[Data in this exercise Boundary: Start]

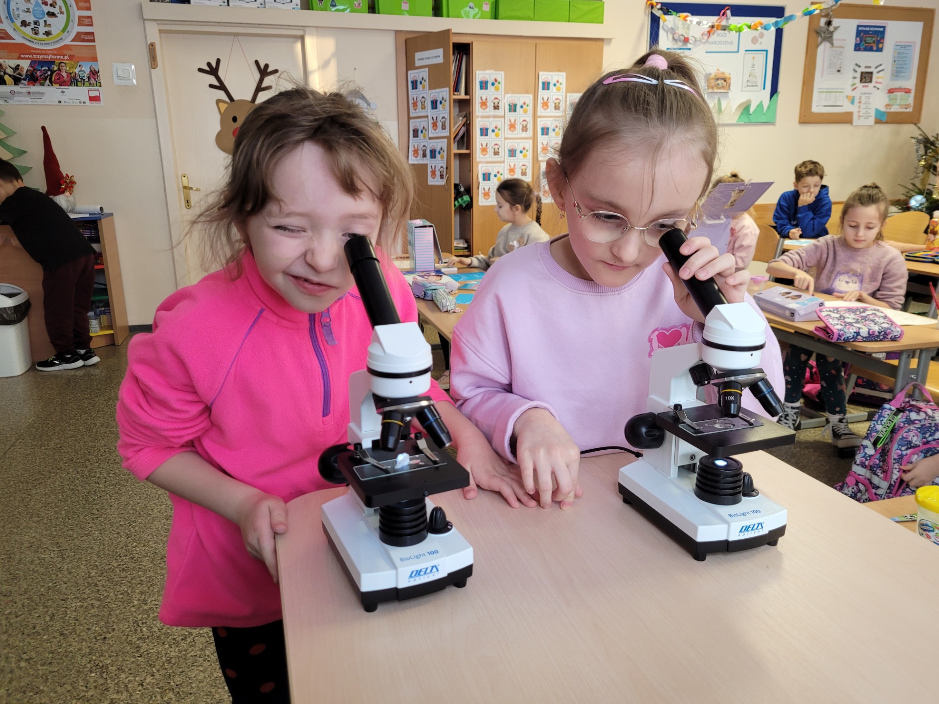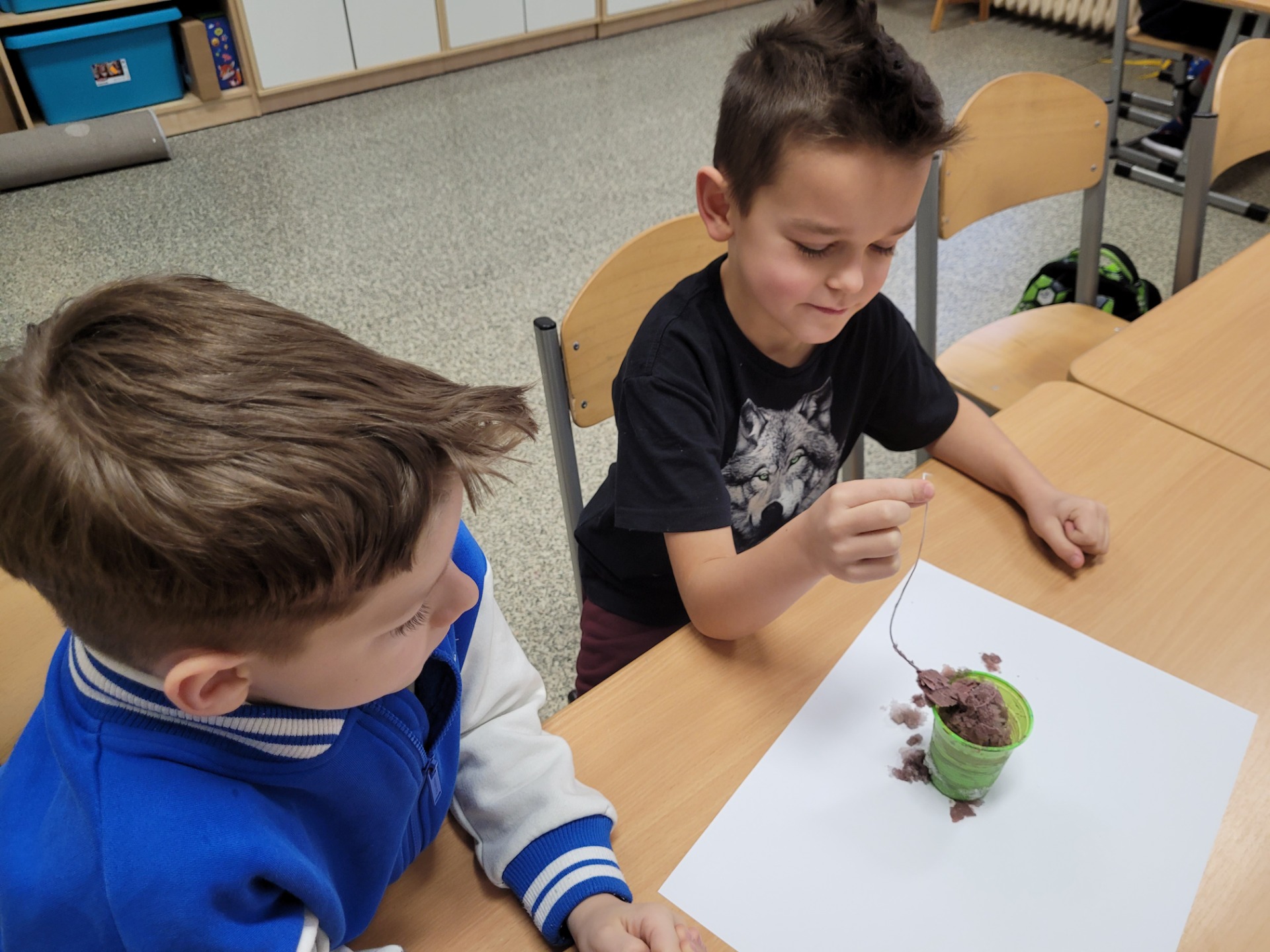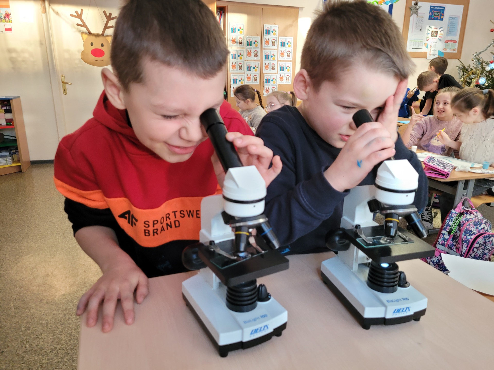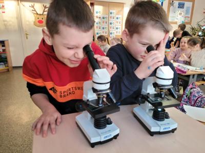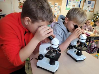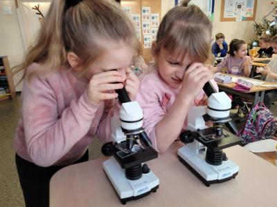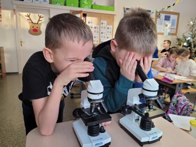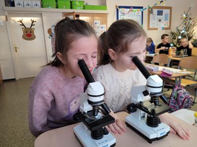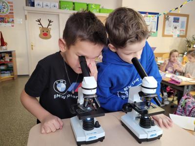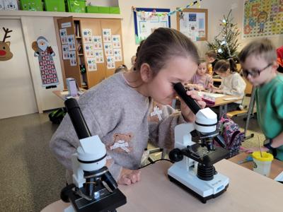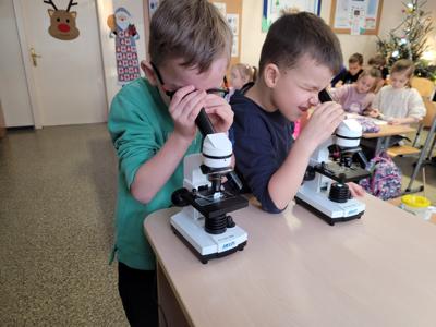 Kolejnym fascynującym doświadczeniem była obserwacja śniegu pod mikroskopem. Dzieci oglądały zarówno śnieżynki, jak i roztopiony śnieg. Ku ich zaskoczeniu w wodzie po stopnieniu śniegu można było dostrzec drobne zanieczyszczenia – maleńkie drobinki, włoski i pyłki. Obserwowaliśmy także, jak świeży, biały puch zmniejsza swoją objętość podczas topnienia, zamieniając się w niewielką ilość brudnej wody.
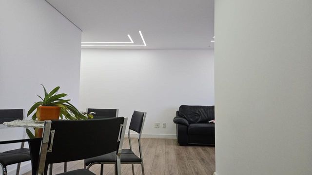 Sala de 2 ambientes e com teto rebaixado em gesso e varanda
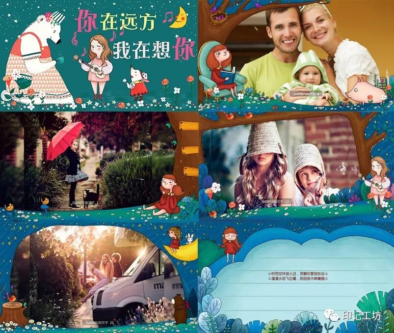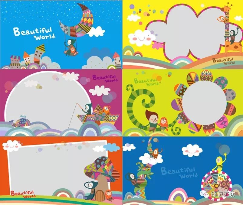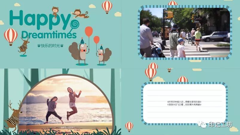 打开五彩缤纷的卡通色彩世界,宝贝天真的笑脸在富有色彩的相册边框里显得更加灿烂,点缀上森林、热气球、太阳等卡通装饰让生活更加萌动。
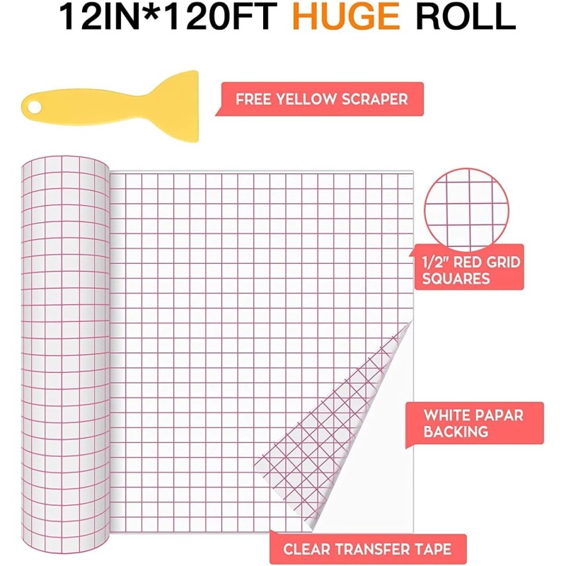 - 【120FT CLEAR RED GRID】 : Our transfer tape for vinyl is 120ft long and adopts with high-quality coated paper, which is smoother than ordinary paper, making the transfer tape easier to tear. The transfer tape roll 1/2”grid is easy for you to measure so that allows you to line up the graphics for easy application.
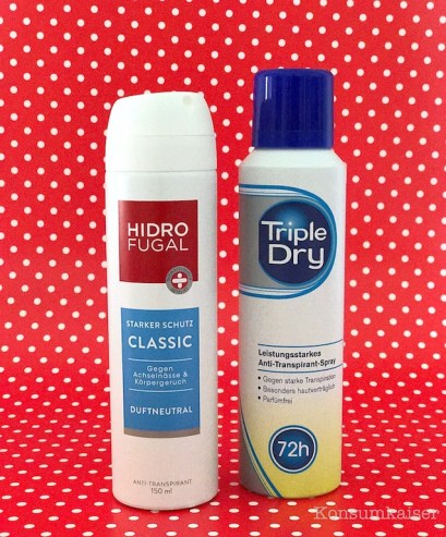 Nachdem so gut wie alle anderen parfümfreien Deos aus den Drogeriemärkten genommen wurden (es gab ein paar echt günstige und gut wirksame von Dove oder Garnier), bleibt scheinbar nur noch ein einziges, nicht duftendes Deodorant übrig: „Triple Dry“ (ca. 4 Euro).
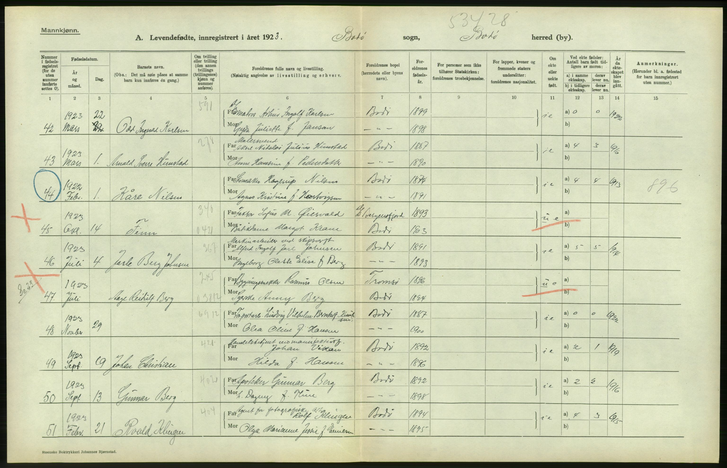 Statistisk Sentralbyrå, Folkemengdens bevegelse (Serie FB) 1923, no. 42: Nordland, births, cities, marriages, stillbirths, Astaref: AV/RA-S-2228/D/Df/Dfc/Dfcc/L0042
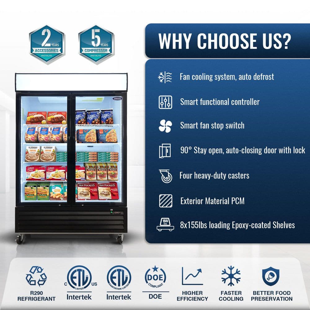 Biscayne Bay 54 in. 44.7 Cu. Ft. Commercial Auto / Cycle Defrost Merchandiser Upright Freezer in Black with Glass Door and LED Panel
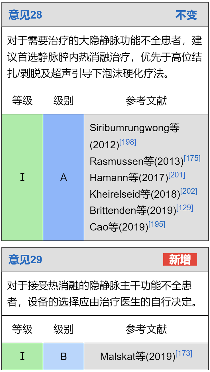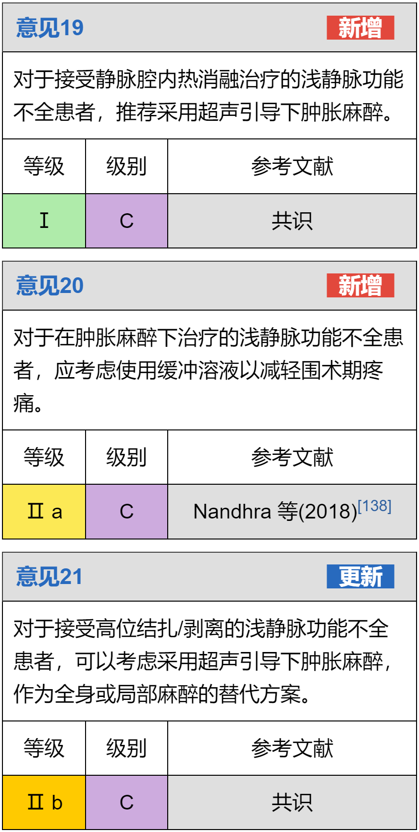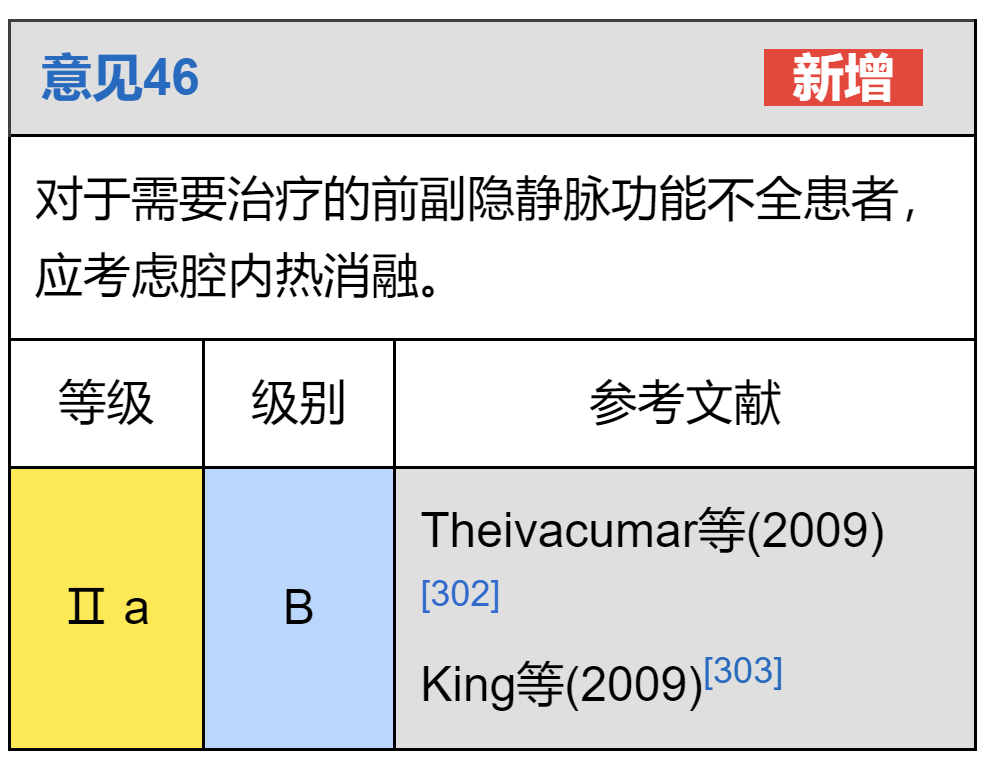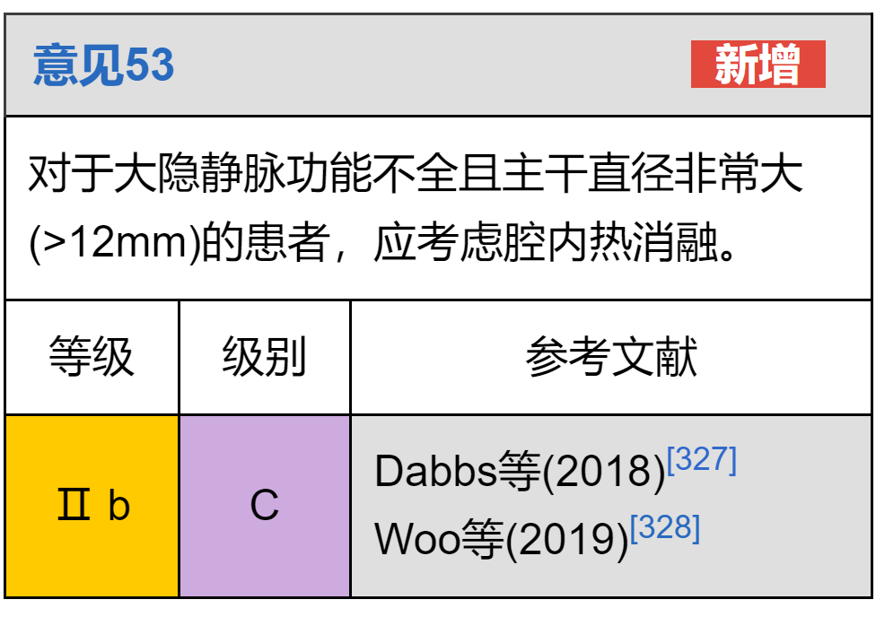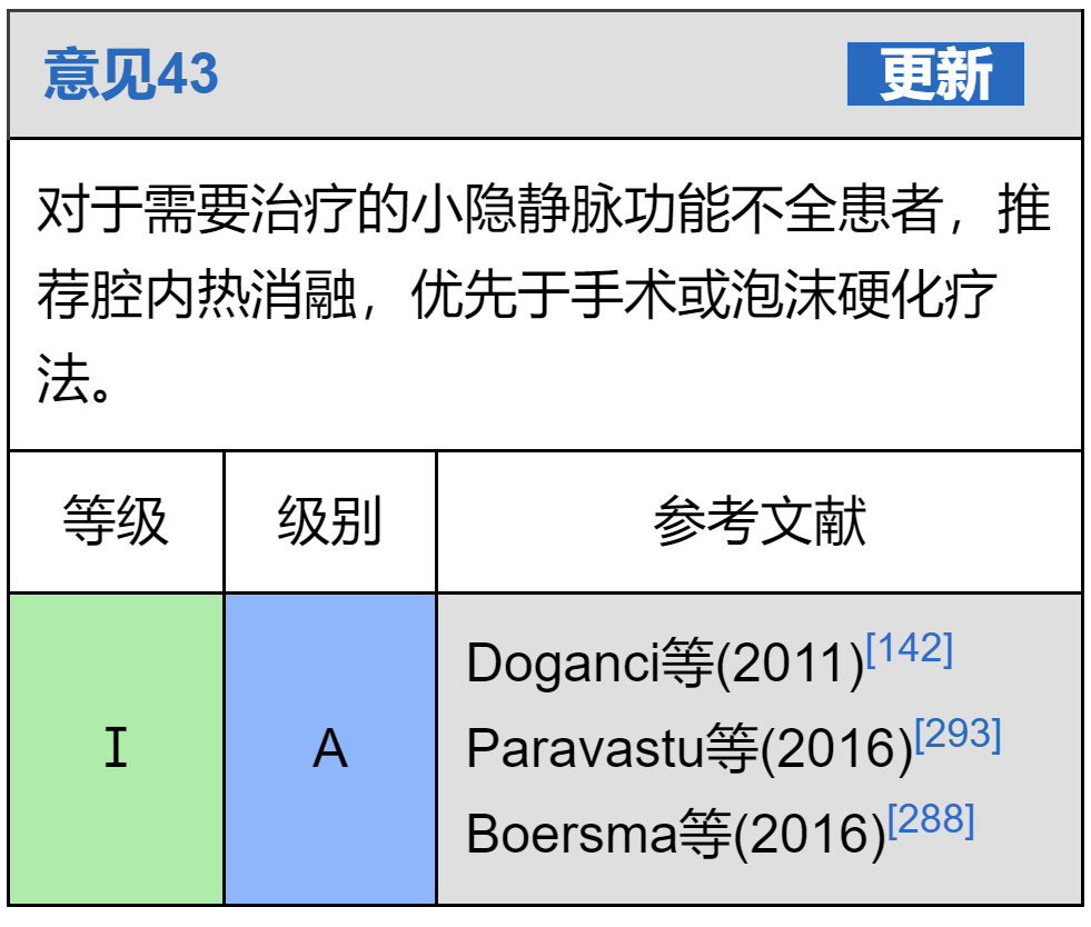 几项研究描述了在复发性静脉曲张治疗中,特别是在存在复发或残余的功能不全隐静脉干的情况下,EVTA作为一种安全有效的选择。[348--352] 一项小规模随机对照试验将重复手术与RFA进行了比较,发现后者在疼痛评分、瘀伤和操作时间方面更优[351]。在两项回顾性研究中,比较了GSV和SSV的EVLA与开放式重复手术,EVLA组的再复发和并发症率较低[348,349]。尤其是在EVLA后,腓神经痛比SSV重复手术后少见(9%vs.20%)[348]。

[Data in this exercise Boundary: End]

### [Problem to work on]
Set out nothing but the lines from the line with "- 【120FT CLEAR" through the end of the material, reproduced exactly, both ends included, pictures omitted.

### [Result]
 - 【120FT CLEAR RED GRID】 : Our transfer tape for vinyl is 120ft long and adopts with high-quality coated paper, which is smoother than ordinary paper, making the transfer tape easier to tear. The transfer tape roll 1/2”grid is easy for you to measure so that allows you to line up the graphics for easy application.
 Nachdem so gut wie alle anderen parfümfreien Deos aus den Drogeriemärkten genommen wurden (es gab ein paar echt günstige und gut wirksame von Dove oder Garnier), bleibt scheinbar nur noch ein einziges, nicht duftendes Deodorant übrig: „Triple Dry“ (ca. 4 Euro).
 Statistisk Sentralbyrå, Folkemengdens bevegelse (Serie FB) 1923, no. 42: Nordland, births, cities, marriages, stillbirths, Astaref: AV/RA-S-2228/D/Df/Dfc/Dfcc/L0042
 Biscayne Bay 54 in. 44.7 Cu. Ft. Commercial Auto / Cycle Defrost Merchandiser Upright Freezer in Black with Glass Door and LED Panel
 几项研究描述了在复发性静脉曲张治疗中,特别是在存在复发或残余的功能不全隐静脉干的情况下,EVTA作为一种安全有效的选择。[348--352] 一项小规模随机对照试验将重复手术与RFA进行了比较,发现后者在疼痛评分、瘀伤和操作时间方面更优[351]。在两项回顾性研究中,比较了GSV和SSV的EVLA与开放式重复手术,EVLA组的再复发和并发症率较低[348,349]。尤其是在EVLA后,腓神经痛比SSV重复手术后少见(9%vs.20%)[348]。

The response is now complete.